Risulta sempre più adeguato occuparsi di Mezzogiorno partendo dai caratteri della sua struttura produttiva. Risulta evidente sempre più, in un contesto di trasformazioni repentine e spesso imprevedibili, lo sforzo che si dovrebbe fare è quello di mettere in collegamento l’analisi della complessità con politiche dettate da una volontà di cambiamento che affondi le radici nella conoscenza delle forze disponibili e delle vocazioni locali. Nella storia economica, e non solo, d’Italia le differenze territoriali e la capacità di reazione dei singoli contesti hanno segnato inevitabilmente i percorsi stessi dello sviluppo: dall’affermazione del triangolo industriale durante il boom economico degli anni Cinquanta e Sessanta al “dinamismo privato” della “Terza Italia”.
Parlando di Mezzogiorno, invece, ci si è limitati a riproporre la tradizionale immagine di arretratezza, nonostante le trasformazioni intervenute, con un’accelerazione negli ultimi decenni.
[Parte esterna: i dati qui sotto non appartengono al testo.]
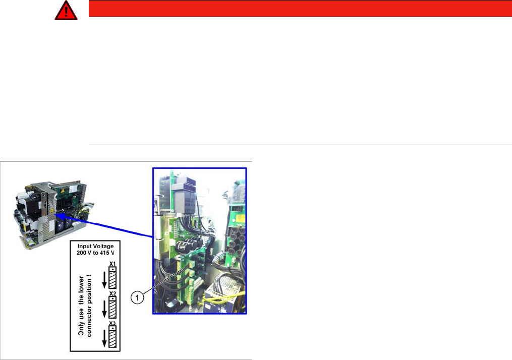 ► Überprüfen Sie am Klemmenfeld (1), ob die Primärseite des Drehstromtransformators (Kabel zu (2))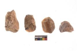 | Description / विवरण | There are n 4 of utilized worked cores and show irregular scar pattern on both dorsal and ventral side. Three have a broken tip. |

Bisogna ricordare che “il modello italiano di capitalismo, accanto all’elevata regolazione formale di tipo prevalentemente statale, tipica per esempio del mercato del lavoro, manifesta a livello locale processi negoziali impliciti, che sono riusciti in più occasioni a colmare le carenze istituzionali, attraverso esperienze efficaci nel contingente, ma, a causa della loro natura reattiva, per lo più instabili”. Del resto gli stereotipi che enfatizzano alcuni aspetti eclatanti di una realtà, rendendoli inalterabili nel tempo, accompagnano da sempre la “questione meridionale”. Per il Mezzogiorno è semplice ricordarne alcuni: il ritardo economico, l’arretratezza, lo spreco di risorse pubbliche a fronte di un massiccio intervento dello stato centrale. È vero: se si considera il profilo del Mezzogiorno così come emerge dai dati macroeconomici standard, come per esempio il PIL o il valore aggiunto, lo scarto con il resto del Paese rimane elevato e soprattutto sembra essersi aggravato nell’ultimo periodo. Il punto non è quello di cercare prove empiriche che smentiscano la gravità e il radicamento di queste condizioni, ma piuttosto domandarsi quanto sia utile oggi continuare a leggere la “questione meridionale” in questi termini, cioè praticamente gli stessi del Dopoguerra, ignorando le massicce trasformazioni intercorse e gli effetti delle politiche pubbliche.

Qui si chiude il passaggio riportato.